From the indifference equation:
x_n = r^(n-1)/(1+2r)
r = 0.414 "Golden Mean of Poker"
x_n = point where opponent is indifferent to checking or betting
n = number of bets to be put in before stopping


[/ QUOTE ]

Of course! I had it mostly right, except for the starting bet - it's special, since you don't have to call a bet, but could check and get checked behind or bet to (where you have to just call). This changes the range for the initial bet.
Incidentally, I wouldn't go through the trouble of inverting this equation (while rounding to 3 sig figs in the process) when what you really want is a chart of what x_n is for varying values of n. Also of note is that the equation for y_n where n is even (player y goes 2nd) is identical to x_n, so you can create the chart with both even and odd n, and use it for going first and second.

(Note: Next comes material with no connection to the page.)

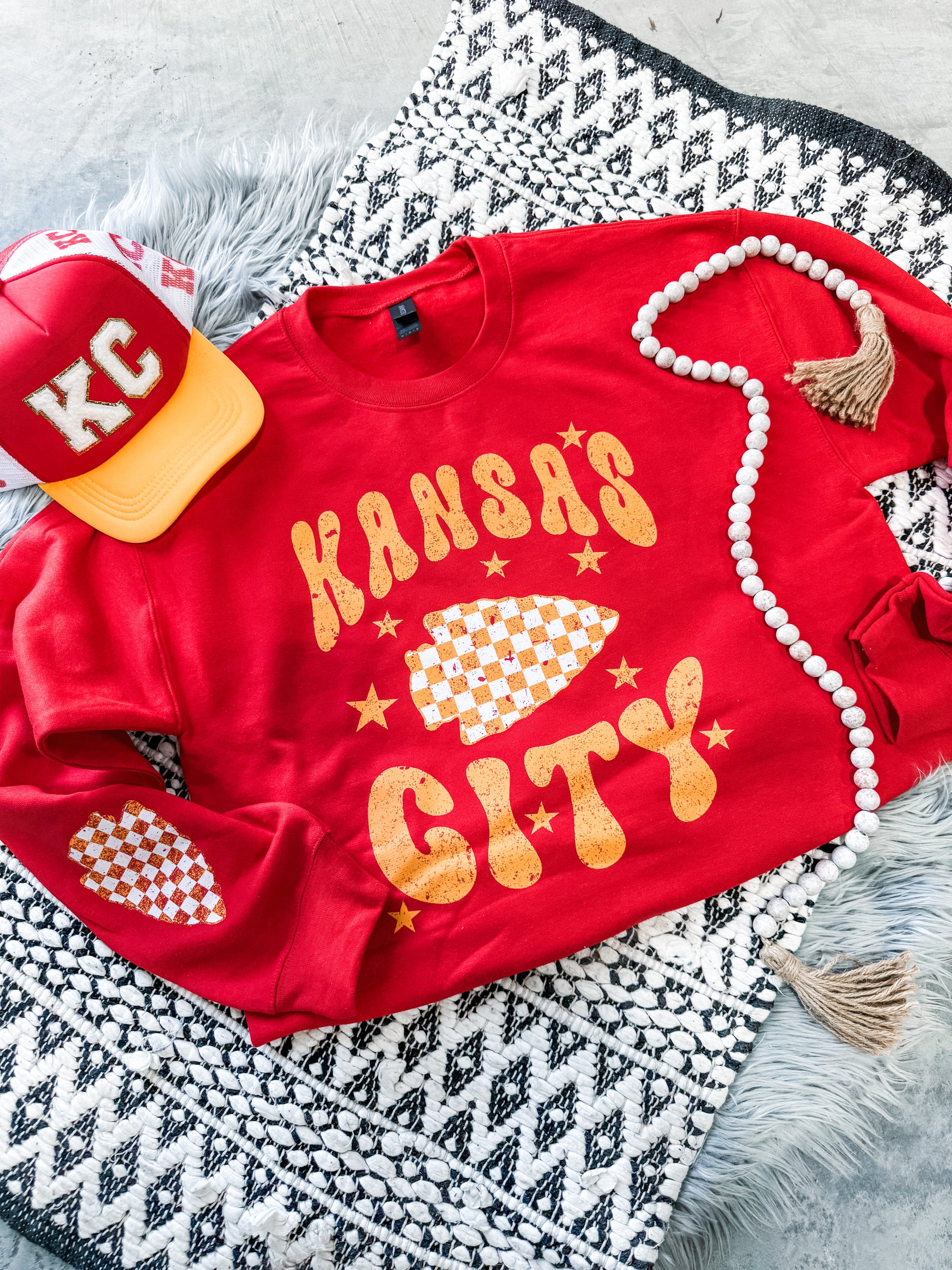 Kansas City Retro Checkered Arrow & Distressed Checkered Arrow Sleeve Red Sweatshirt

I created a chart based on those equations, and now I get the same answers you have (although mine aren't rounded to 3 sig figs). Which puts the answer at "1 bet and 7 raises" for the game with no folding.

I think the logic on my extrapolation into the game with folding is quite faulty, and I no longer have any confidence in it. However, I'm fairly sure it's within an order of magnitude or so.

Thanks for the reply!

[marv]

[ QUOTE ]
If you play optimum game theory betting strategy, your opponent does equally well by folding or calling. Optimum calling strategy is to fold no more or less often than needed to keep it from being right for your opponent to always bluff.Thus to make calculations in multi round situations easier, assume one always at least calls, even though bluffs happen.

[/ QUOTE ]

So what problem do you actually want us to solve?

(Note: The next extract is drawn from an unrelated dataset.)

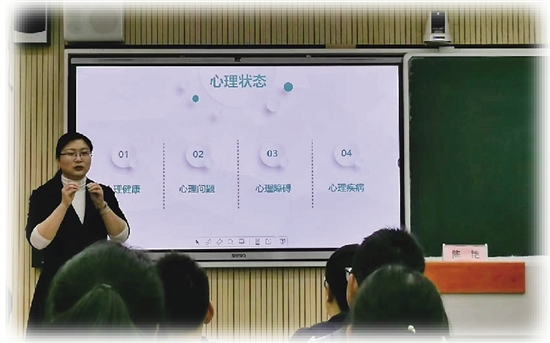 陈艳老师向学生们细致分析了心理问题的分类、产生原因及特点,重点阐述了情绪ABC理论,并分享多种情绪自我调节方式,带领学生们建立正向认知、加强对自身心理状态的解读和应对。

What would be the solution to that problem in the 8-card game where every optimal strategy folds the 2nd nuts some of the time?

Marv

[Slade]

To solve the pot limit problem first you need to find out how good of a hand you need to raise. If you take a [0,1] game you can find the point where your raise will break even against an opponent with the same raising standards in a pot limit game with the following equation. (Note that this equation assumes all bets are pot sized)

x - (1-x)*x - (1-x)*(1-x)*4 = 0

You will get x=(2/3) which means you should raise with the top (1/3) hands. The same equation modified can be used to find the sqrt(2)-1 magic number for the limit problem.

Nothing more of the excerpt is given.